This is a real start-to-finish look at the career and music of John Lee Hooker, from 1948 to 1998. What's amazing is that in that time, his sound didn't change. The recording quality may have changed, but Hooker's rumbling boogie guitar didn't.

Disc one
This includes some of the songs that Hooker recorded under the pseudonyms Texas Slim, Johnny Williams and John Lee Booker. According to the liner notes, Hooker's money for the singles he recorded from 1948 to 1954 "didn't quite trickle down fast or full enough." (I know, it's hard to imagine a musician not receiving his fair share.) To bring in some of the money he was missing, he started doing work with other labels, which violated his contract. Thus the pseudonyms. Hooker was pretty crafty too because on "Black Man Blues" (recorded as Texas Slim), he changed his vocals from the normal growl to an old-time Delta blues vocal sound. "Stuttering Blues" on the other hand isn't nearly as crafty. It was recorded as John Lee Booker and sounds just like the songs he recorded with his given name. He does, however sing the song with a stutter similar to the one that affected his speech since childhood.

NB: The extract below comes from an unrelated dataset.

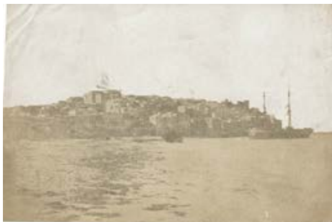
Ship in the port of Malta. 1851.

Épreuve sur papier salé d'après un négatif papier. 15 x 21,6 cm.

Some of the classic (OK, so they're all pretty classic) Hooker tunes ("Boogie Chillen," "Sally Mae," and "Crawling King Snake") are on this disc. No matter how many times you've heard them, they still stand up as great raw blues tunes.

Some of my favorites on disc one are: "Huckle Up Baby" and "John L's House Rent Boogie." The latter is a great song about a guy trying to scrape up the rent money to get the landlord off his back. Hooker has a way of taking a familiar theme in song and making it his own, and "John L's House Rent Boogie" is a great example of that.

Disc two
This one includes songs from 1956 to 1964. It includes "Tupelo," a haunting spoken-word song about a great flood in Mississippi. It's a tremendous song and Hooker's voice really conveys the pain that was felt because of the flood.

If the Democrats had a shred of hipness (I'll wait for the laughter to die down), they would use "Democrat Man" as their theme song the next time they want to re-take control of the legislative branch of American government. In this song, Hooker sings, "I know I'll get shoes, I'll get clothes when the Democrats get back in again." Then he closes the song with, "I'm a Democrat man and will be till I die."

Another highlight for me on disc two is "Whiskey and Wimmen" in which JL says "Whiskey and wimmen nearly wrecked my life. If it weren't for whiskey and wimmen, I'd have money today." Another example of a classic theme in the distinctive Hooker style.

"Teachin the Blues" is another great tune. He talks about how he learned his sound from his stepdad when he was thirteen. This song is funny because he gives a quick tutorial in how to achieve the Hooker sound.

You listen to these songs and you realize that people just don't write songs like this anymore. Take "Big Legs, Tight Skirt" for example. He sings "Big legs, tight skirt, you 'bout to drive me out of my mind." And if that weren't enough he says, "When she walk down the street, she rocks like a motorboat." Is that great or what?

Disc three
The third disc kicks off with "One Bourbon, One Scotch, One Beer." This song is a real testament to the talents of JL Hooker. I've heard this song lots of times, but every time I hear it, it still sounds fresh.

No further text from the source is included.